一本の小説、生涯分の一日
めぐりあう時間たち
2003 05/17
UP:2020/04/12
死、とりわけ自殺という表現は簡単に私たちを動揺させる。それは緑遠い事件だから驚くのか? それとも没入し自分の事のように悲しむのだろうか? この映画は女性が入水自殺する衝撃的な始まり方である。しかし、彼女の最期は穏やかだった。まるでラストシーンのようだったがこれが今回の映画の象徴である。映画を通して彼女による死への考えを垣間見ることができる。彼女がなぜ死を選択したのかに注目しながら、 私は視聴した。
“THE HOURS”では3人の女性たちの一日を行き来するように描いている。 1941年に生きたヴァージニアは小説家であった。 1951年には彼女が執筆した小説を愛読する専業主婦のローラ。 2001 年では社交的なクラリッサがその小説にそっくりの一日を過ごす。彼女たちは時に一連の動きとしてつながったり、時に同じ行動をとったりする。 3つの全く違う人生なのに違和感なくシーンが切り替わっていくのが楽しい。

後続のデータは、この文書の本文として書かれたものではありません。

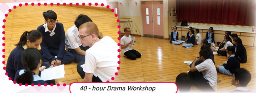
40 - hour Drama Workshop

Learning English in BYKNMC is not confined to the classroom. Here is a portal for our students to enter the world of English. Numerous diverse and exciting programmes are provided for our students. Not only do they learn the language, but also demonstrate what they have learnt.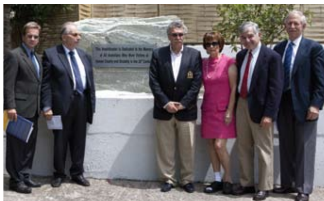
Το ζεύγος Δουκάκη (δεξιά) με τον κ. Σαλιτιέλ και τον κ. Clymer. Αριστερά ο πρόεδρος του Ανατόλια και ο πρόεδρος της Αρμενικής Κοινότητας κ. Κονταξίν.

Στις 29.5.2010, στα πλαίσια της καθιερωμένης συνάντησης των Εφόρων του Αμερικανικού Κολλεγίου Ανατόλια και της επίσκεψης του Μάικλ και της Κίττυ Δουκάκη για την επέτειο των 10 ετών από την ίδρυση της έδρας «Μάικλ Δουκάκη» στο ACT, έγιναν τα εγκαίνια της νέας αίθουσας του Ingle Hall που είναι αφιερωμένη στους Εβραίους μαθητές και αποφοίτους του «Ανατόλια» που χάθηκαν στο Ολοκαύτωμα. Στην τελετή εγκαίνιων έγιναν και τα αποκαλυπτήρια της πλάκας με τα ονόματα των Εβραίων μαθητών που φοίτησαν στο Σχολείο πριν το Ολοκαύτωμα. Σε μια δεύτερη τελετή, στο ανοικτό αμφιθέατρο της Βιβλιο-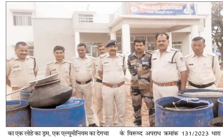
का एक लोहे का ड्रम, एक एल्यूमीनियम का देगाच के विरुद्ध अपराध क्रमांक 131/2023 धारा

1200 लीटर गुड़ का लहान भरा हुआ था जिसे मौके पर नष्ट किया गया ती मौके से शराब बनाने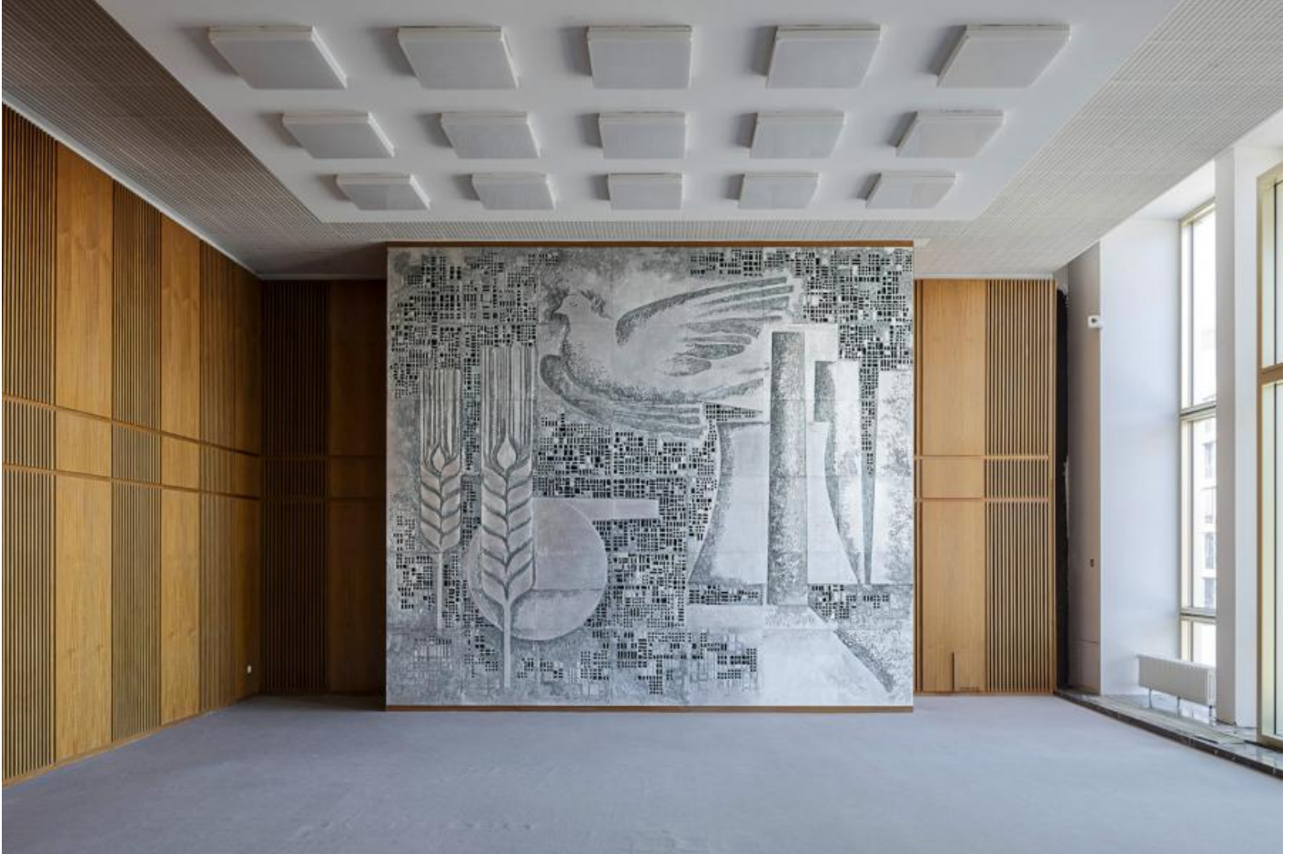
Fritz Kühn: Die Wirtschaft der DDR unter dem Zeichen des Friedens, 1964 / © Fritz Kühn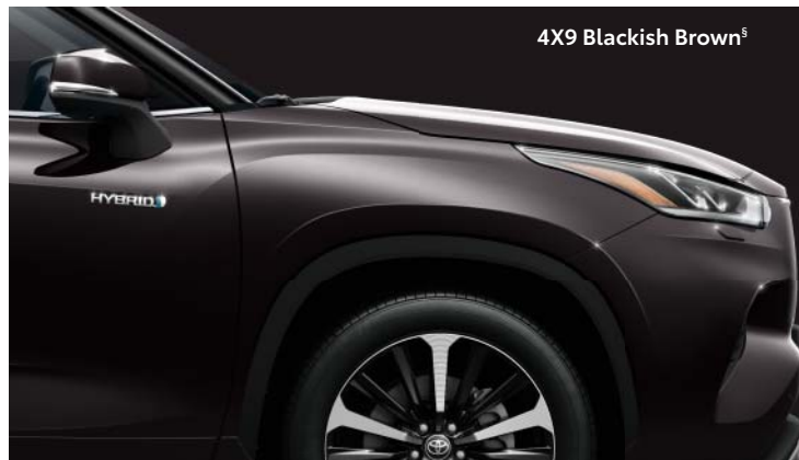
4X9 Blackish Brown §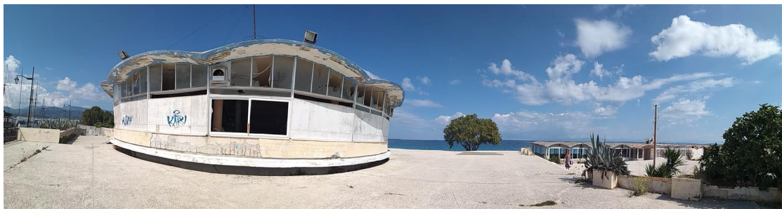
Τουριστικό Περίπτερο Λευκάδας και Λουτρικές Εγκαταστάσεις, υφιστάμενη κατάσταση.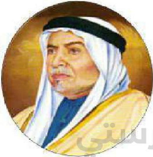
شكل رقم (٢٢)

يعد الشيخ عبدالله السالم الصباح النجل الأكبر للشيخ سالم المبارك الصباح، تولى في عهد الشيخ أحمد الجابر شؤون البلاد الإدارية والمالية قبل أن يتولى الإمارة رسمياً ١٩٥٠ م، والتي أصبحت في عهده دولة مستقلة ذات سيادة تامة، يحكمها نظام دستوري. هذا وقد لقب الشيخ عبدالله السالم بالعديد من الألقاب، كان أبرزها أبو الدستور، وأبو الاستقلال ، والتي أطلقت عليه خلال فترة حكمه الممتدة من ١٩٥٠ وحتى ١٩٦٥ م.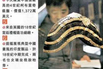
5 來自英國的18世紀宮廷禮帽細緻。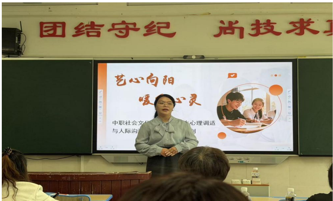
图 5 班主任能力大赛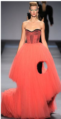
〈Fig. 25〉 Victor&Rolf. 2010S/S. From Victor&Rolf. (2010). http://www.style.com

이와 같이 컷 아웃 디자인을 통한 유희의 표현은 재미와 즐거움을 본질로 하여 사회문화적인 어떠한 중압감, 즉 관습상 합리적으로 생각하도록 길들여진 사고방식에서 벗어나 대중에게 자유를 느끼게 한다. 삶의 긴장 완화로서 심각하지 않은 것, 구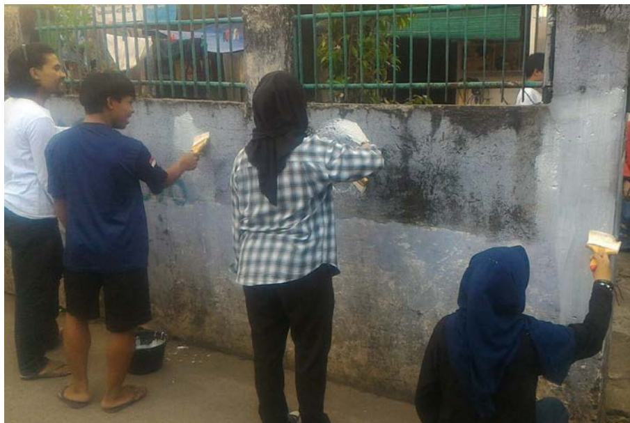
Gambar 6. Proses pengecatan tembok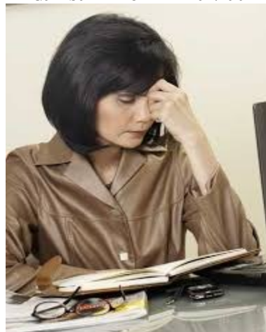
Gambar 2. Konflik Individu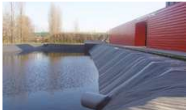
2006 - Belgie - 1.500 m 2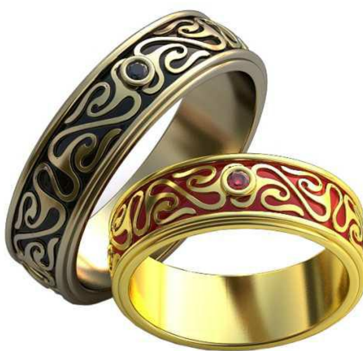
308ж/Р-18,7/Ш-7,2/Т-1,7/Кр 1.9-1шт./Вес-9,3 308м/Р-22,7/Ш-7,3/Т-2/Кр 1.9-1шт./Вес-13,9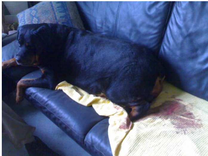
Dasselbe Erscheinungsbild bei Xena: starker blutig-eitriger Ausfluss

Ich denke - rein biologisch gesehen - konnte Xena gar nicht definitiv ihre Heilphase durchmachen, weil sie dauernd auf der Schiene war und weil wir es einfach zu spät entdeckt haben, dass sie eine Gebärmuttergeschichte am Laufen hatte.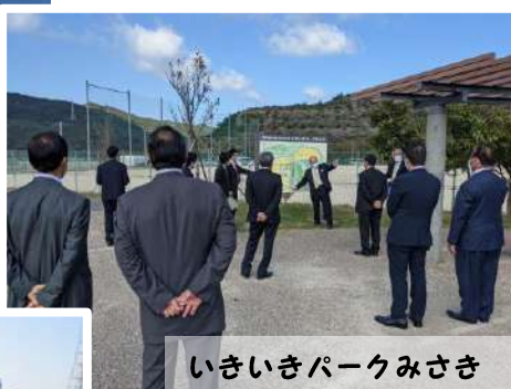
いきいきパークみさき

「美咲町には海がないので、海があって素晴らしい景色だ!」と感動しておられました。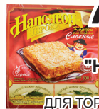
КОРЖИ "НАПОЛЕОН- ЧЕРОКА" ДЛЯ ТОРТА СЛОЕННЫЕ, 300 ГР

彼女たちにはそれぞれパートナーがおり、何不自由ない暮らしをしているように見える。しかし、例外なく苦しみを抱いている。一番昔の彼女は心の病を抱えていた。小説を推敲しながら、言い様のない希死念慮とたたかう。その小説を読むローラは気持ちを抑圧する女性だ。彼女の家庭は平穏だが内心では逃避願望を募らせる。クラリッサは明るく見えるが、精神的に不安定な古くからの友人を支える辛い立場にある。そのことに関してだけは思わず感情的になる一面もある。三者三様の葛藤が結末に向けて収斂していく流れを見届けずにはいられない。
映画を最後まで観て、3人とも印象が強いが個人的にはヴァージニアが魅力的だった。彼女が書く「女性の生涯をある一日に込めた小説」は当映画そのものを表す。現実問題としては自殺の是非は意見が分かれるが、フィクションとして、最初から決まっていたように自然な行動であった。 それは納得して導きだした結果であると彼女自身が語る。彼女が沈んだ川の輝きが暗い結末ではないと示すようだった。